TASK INSTRUCTIONS:
Once you reach the line with "Pachet Cadou REDTIGER" below, copy each line exactly, stopping after the line with "Der Ssangyong Korando", and skip any pictures.

[Items from a dataset]
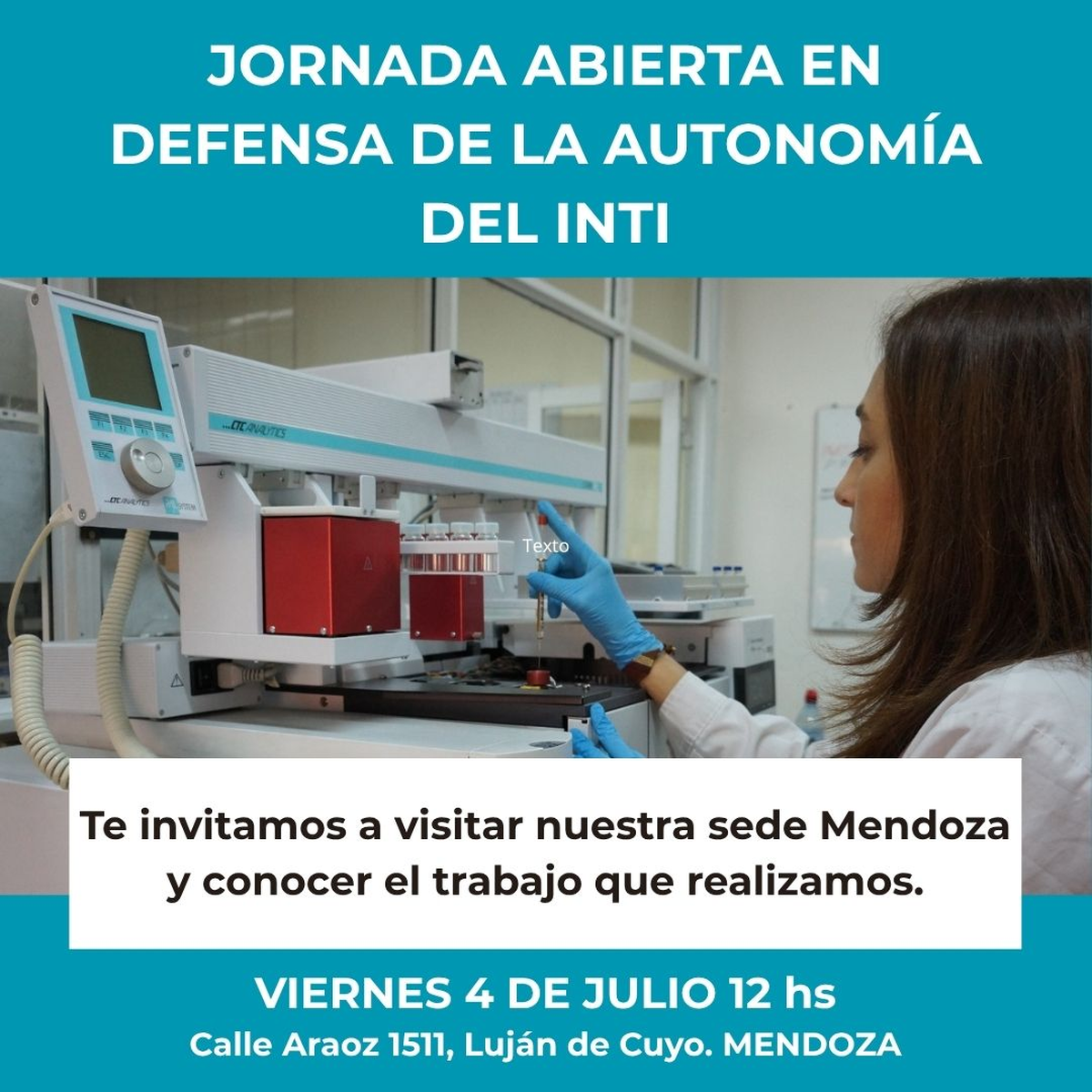 Incluido en un plan de ajuste junto al INTA que genera incertidumbre, el INTI decidió abrir sus puertas el viernes 4 de julio para mostrar a la comunidad cómo trabaja en Mendoza. Y al mismo tiempo, convocó a una protesta singular: un "abrazo" simbólico para visibilizar el apoyo al organismo.
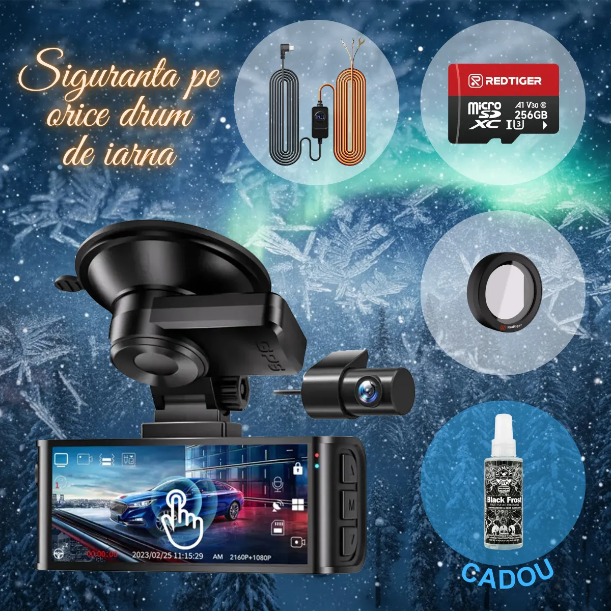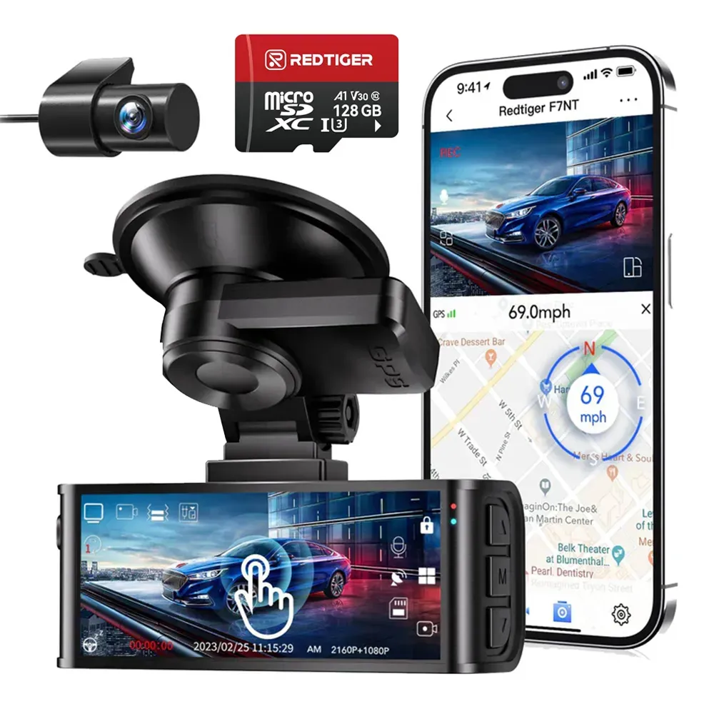 Pachet Cadou REDTIGER F7N Touch 4K+FHD, WiFi, Night Vision, 170°, ecran tactil IPS 3.18", GPS
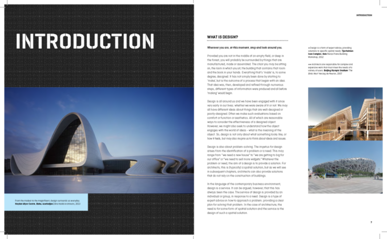 Architects spend a great deal of their time involved in designing. From initial ideas to finished buildings, design takes place throughout the project cycle. As professionals, we may take it for granted that design and the process of design are easily understood. However, as a student this may not be the case.
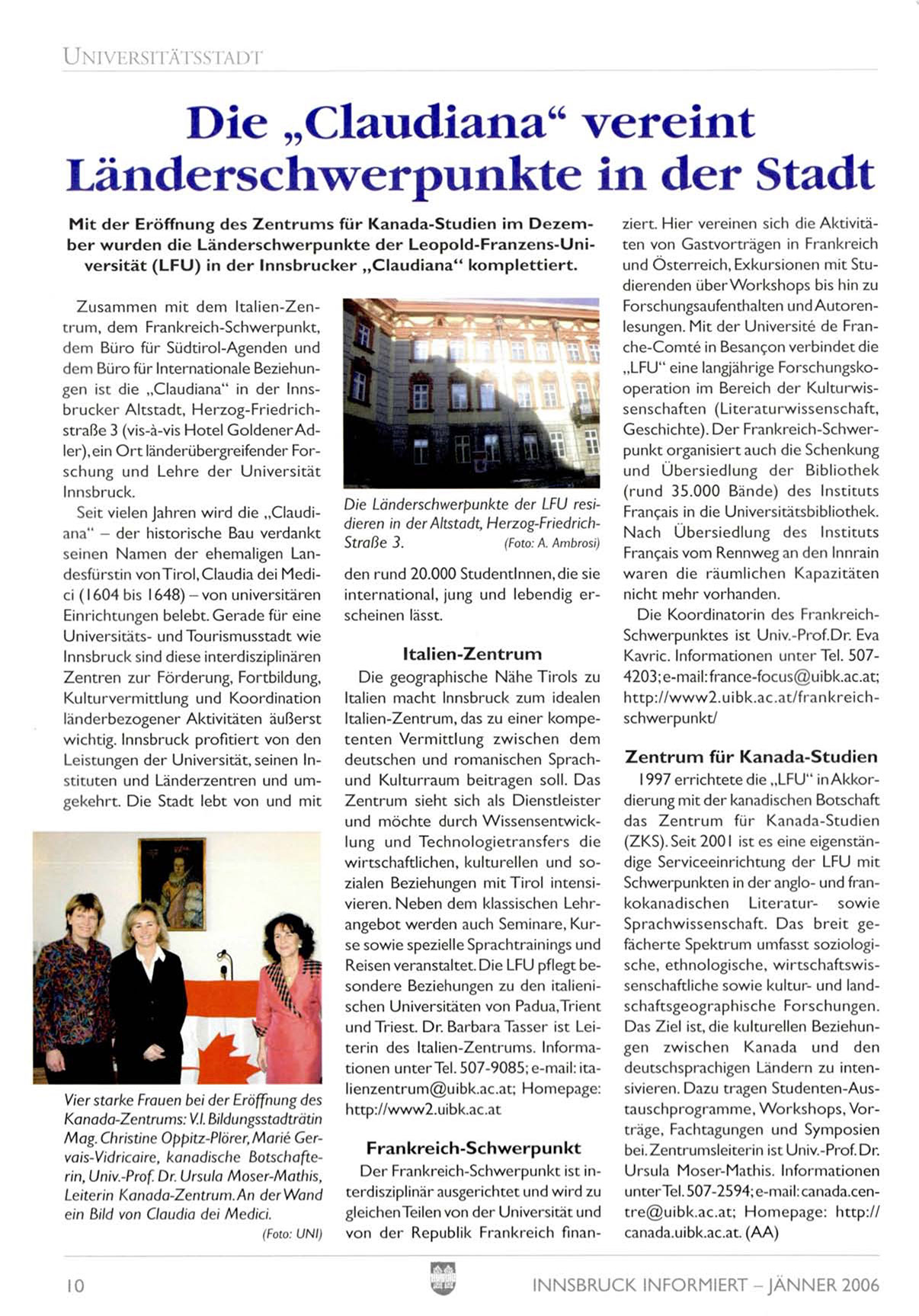 M i t d e r E r ö f f n u n g des Z e n t r u m s f ü r K a n a d a - S t u d i e n i m D e z e m ber w u r d e n die L ä n d e r s c h w e r p u n k t e der Leopold-Franzens-Uni
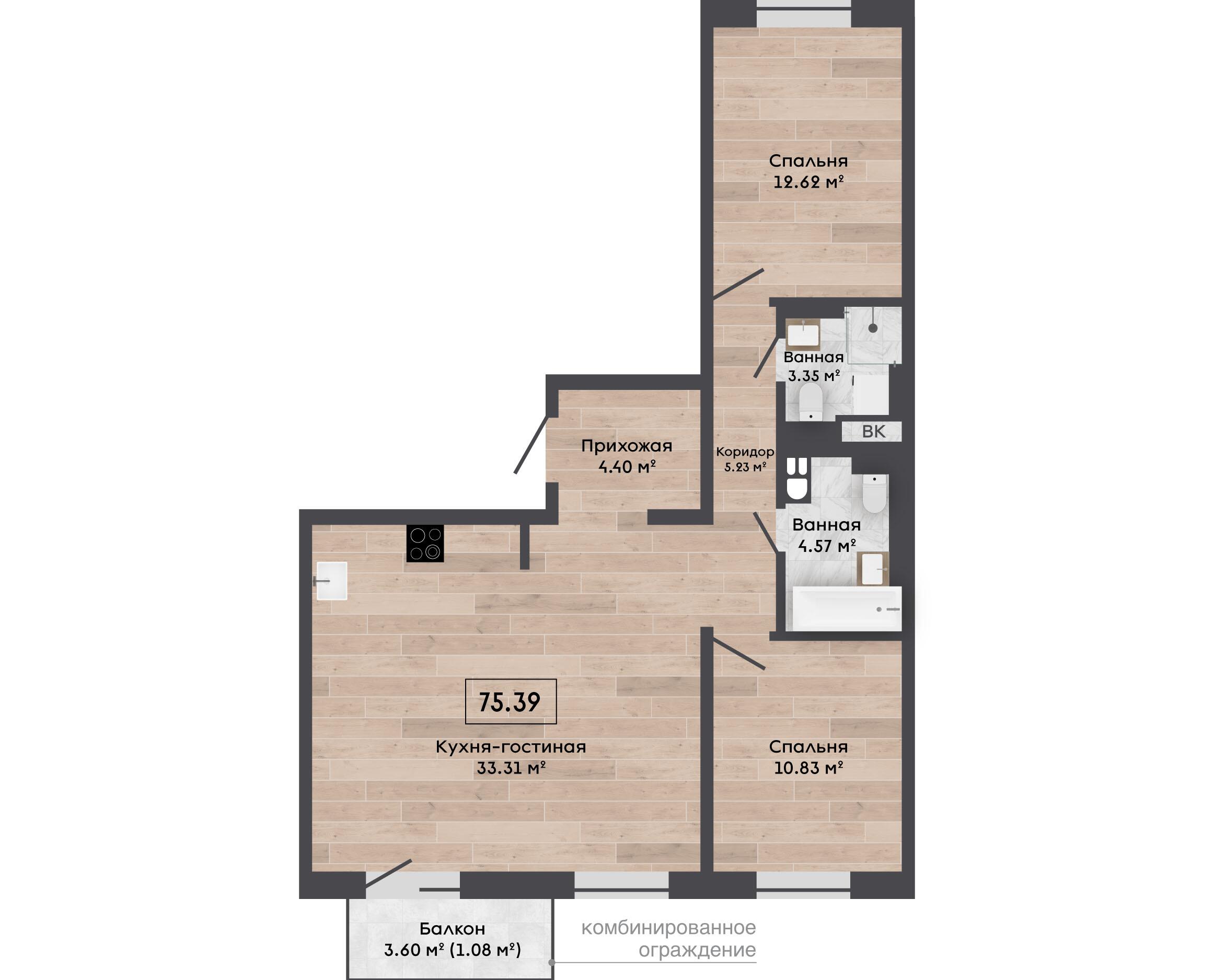 3-комнатная квартира с современной планировкой в новом Ситихаус 7.9 - идеальный вариант для комфортной жизни рядом с природой и всей необходимой инфраструктурой.
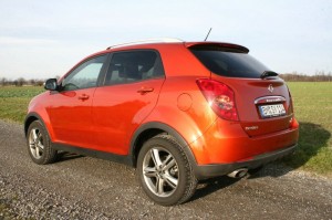 Der Ssangyong Korando tritt bullig auf. Er steht recht hoch und zeigt eine ausgeprägte Schulterlinie, die in einem recht muskulösen Heck mit betont ausgestellten Kotflügeln ausläuft. Foto: Auto-Medienportal.Net
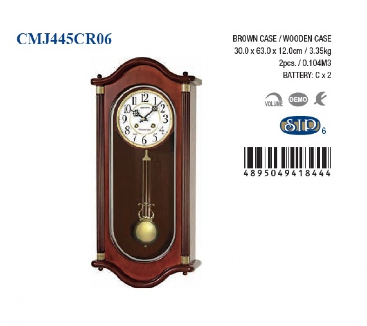 Nástenné hodiny s kyvadlom majú veľký výber melódií a dva štýly odbíjania - buď raz za hodinu alebo každú štvrťhodinu. Majú možnosť zapnutia automatického nočného režimu. Ciferník je vďaka arabským čísliciam veľmi dobre čitateľný.
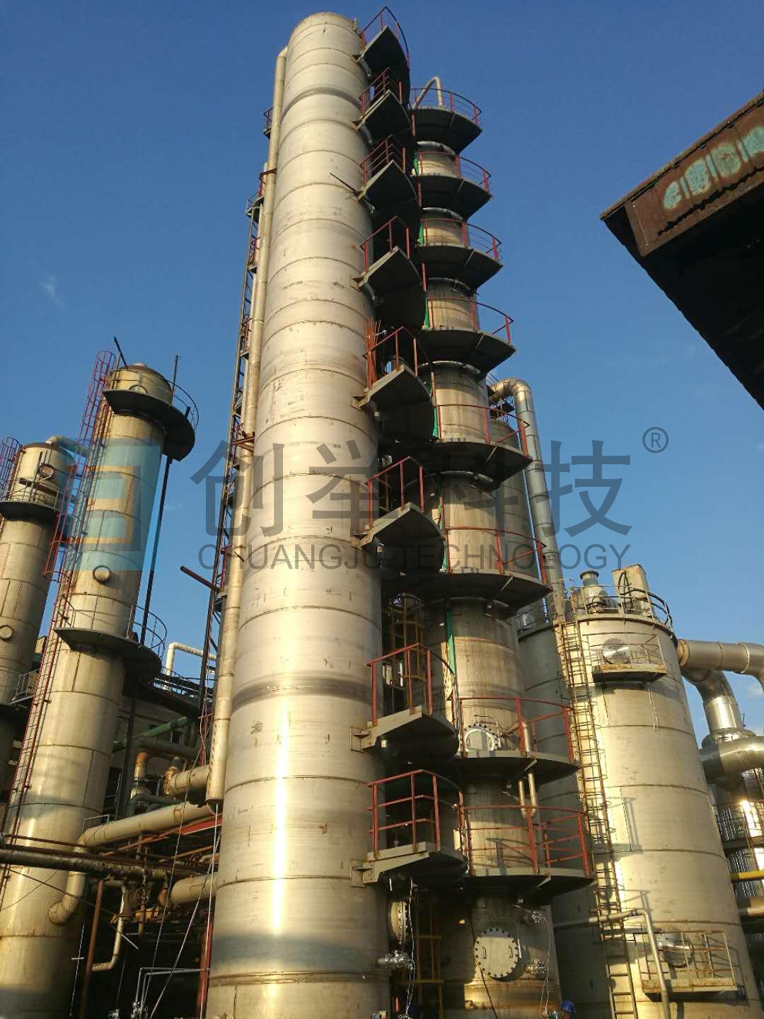石家莊某公司DN1800硝酸吸收塔,原設(shè)計為篩板塔,正常生產(chǎn)時塔釜硝酸濃度只有30%左右。因尾氣資源化回收改造需濃度40%以上硝酸,創(chuàng)舉公司為其量身定做復(fù)合移熱噴射塔內(nèi)件,開車一次成功。
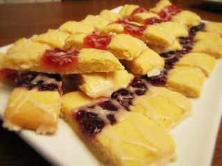 Fill depressions with jam. Bake 10-15 minutes longer or until lightly browned. Cool for 2 minutes and cut into 3/4-in. slices. Leave on cookie sheet until they are completely cool, or they will fall apart.
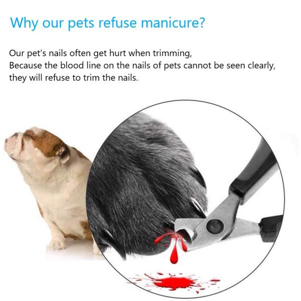 1. The LED light illuminates the blood line of the pet's nails,
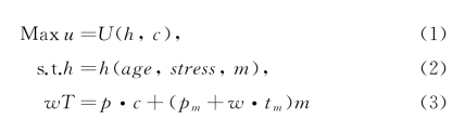 本文参考格罗斯曼的文献,建立医疗服务的最适需求模型。本文假每一个经济个体在生活中所得到的满意度取决于他们的身心健康状况和消费水平。每一个经济个体在健康状况(h)、商品与劳务的消费水平(c),以及其他的限制条件下,追求的效用的最大化。因此,此一效用最大化的模型为:
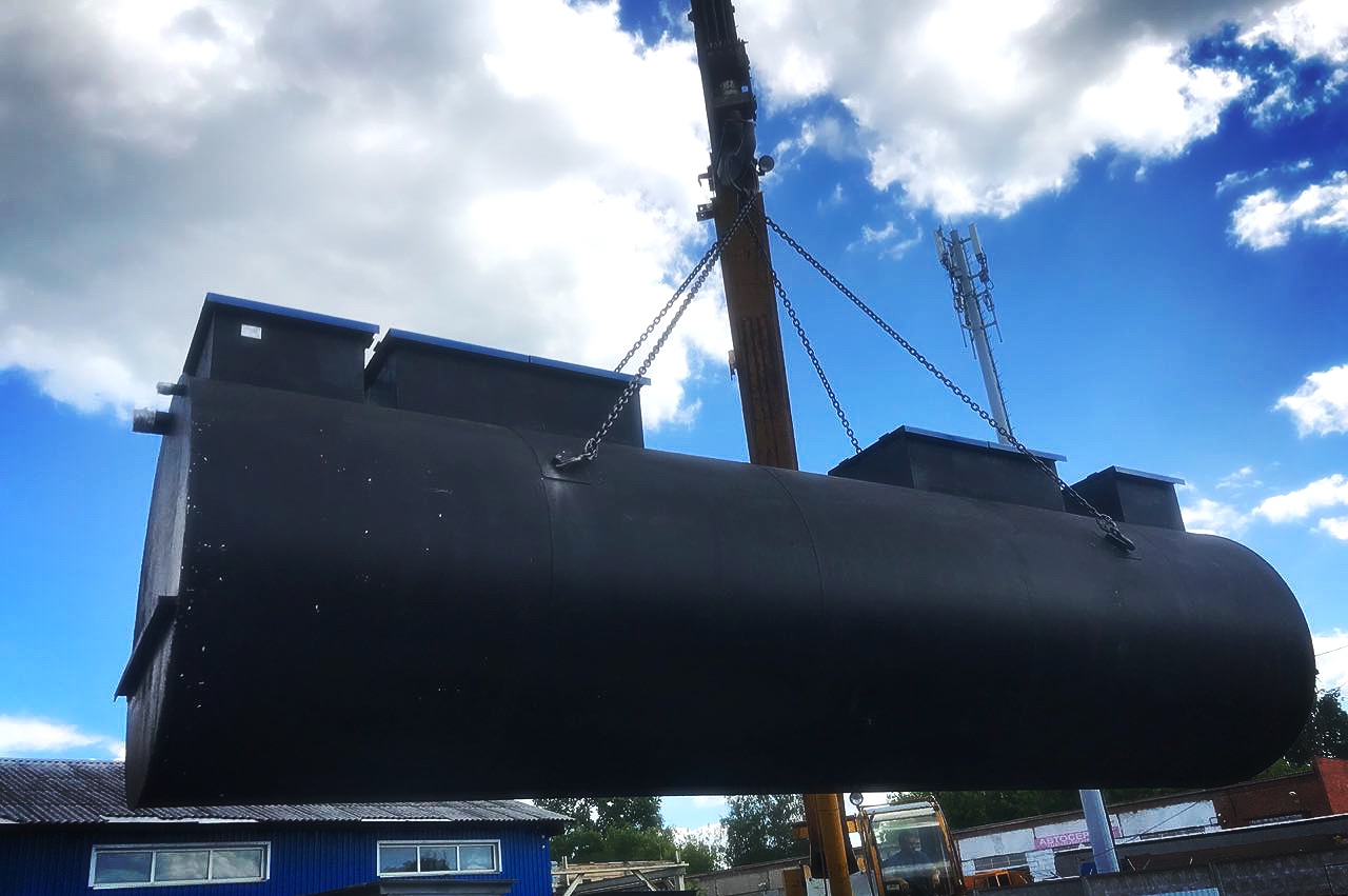 Габариты очистного сооружения: длина 8400 / диаметр 2400 / вес 4800 кг.
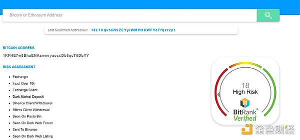 根据Bitrank的解释,他们评估比特币地址风险会涉及许多因素,包括:
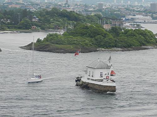 travesía, ya que la zona del fiordo de Oslo es preciosa y pasamos muy cerca de muchos islotes, algunos habitados y otros desiertos. Las casitas de colores
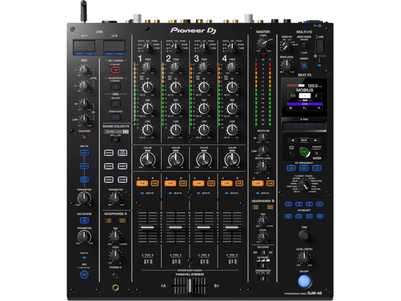 A Beat FX ösztönösebben használható a DJM-A9-en az új színes kijelzőnek és a megújult X-Pad-nek köszönhetően, amely immár vízszintesen elrendezésű, így oldalra húzással egyszerűbb lett a használata. A Beat FX csatornaválasztás mostantól dedikált gombokkal történik, amelyek gyorsabb kiválasztást eredményeznek. Az effekt Multi I/O szekciót pedig továbbfejlesztették, hogy valódi SEND lehetőséget kínáljon. Összesen 14 Beat FX közül választhatsz, köztük 3 teljesen új.
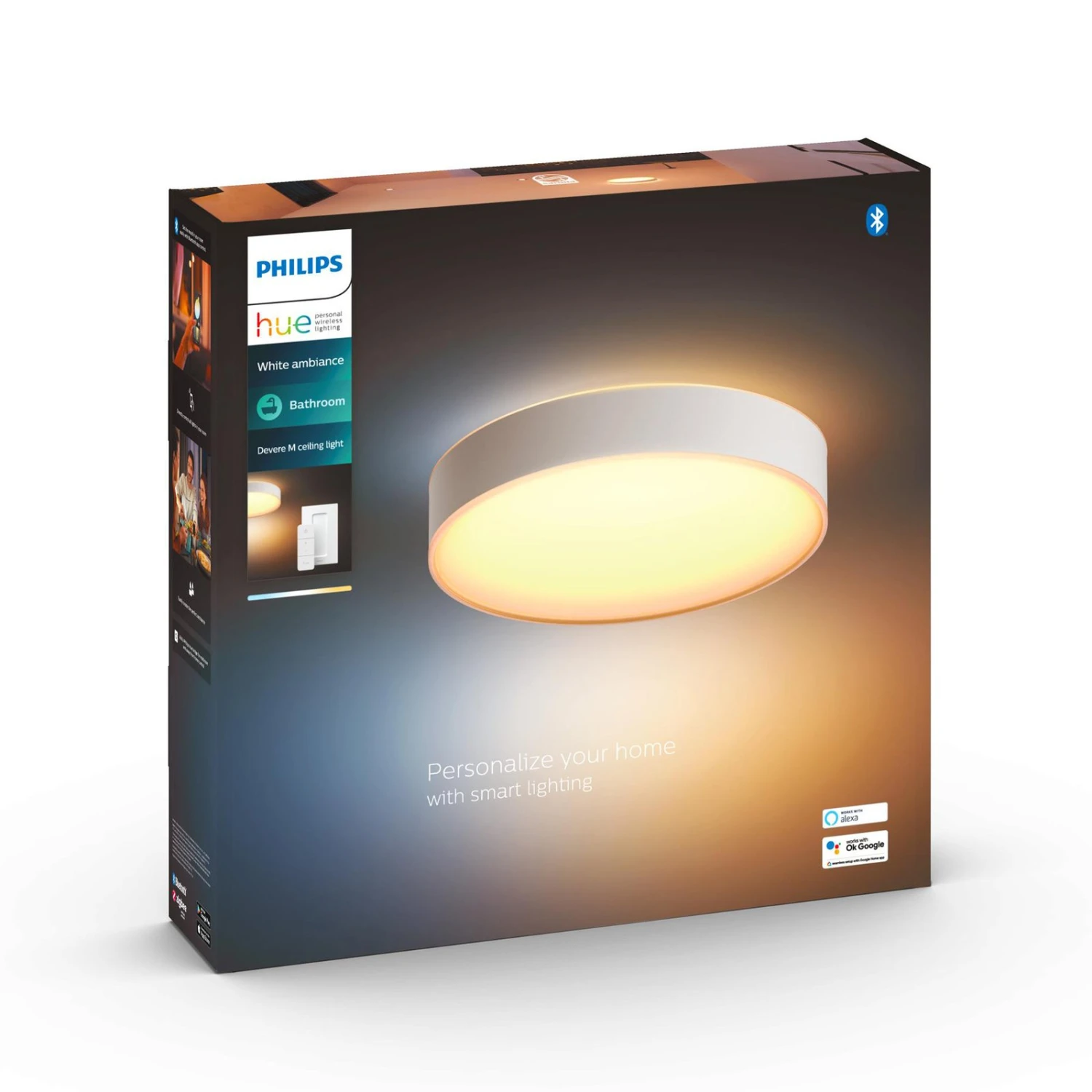 Smart controllable variable light for living rooms and bathrooms – Philips Hue LED ceiling light Devere, White Ambiance.

ANSWER TO THIS TASK:
 Pachet Cadou REDTIGER F7N Touch 4K+FHD, WiFi, Night Vision, 170°, ecran tactil IPS 3.18", GPS
 Architects spend a great deal of their time involved in designing. From initial ideas to finished buildings, design takes place throughout the project cycle. As professionals, we may take it for granted that design and the process of design are easily understood. However, as a student this may not be the case.
 M i t d e r E r ö f f n u n g des Z e n t r u m s f ü r K a n a d a - S t u d i e n i m D e z e m ber w u r d e n die L ä n d e r s c h w e r p u n k t e der Leopold-Franzens-Uni
 3-комнатная квартира с современной планировкой в новом Ситихаус 7.9 - идеальный вариант для комфортной жизни рядом с природой и всей необходимой инфраструктурой.
 Der Ssangyong Korando tritt bullig auf. Er steht recht hoch und zeigt eine ausgeprägte Schulterlinie, die in einem recht muskulösen Heck mit betont ausgestellten Kotflügeln ausläuft. Foto: Auto-Medienportal.Net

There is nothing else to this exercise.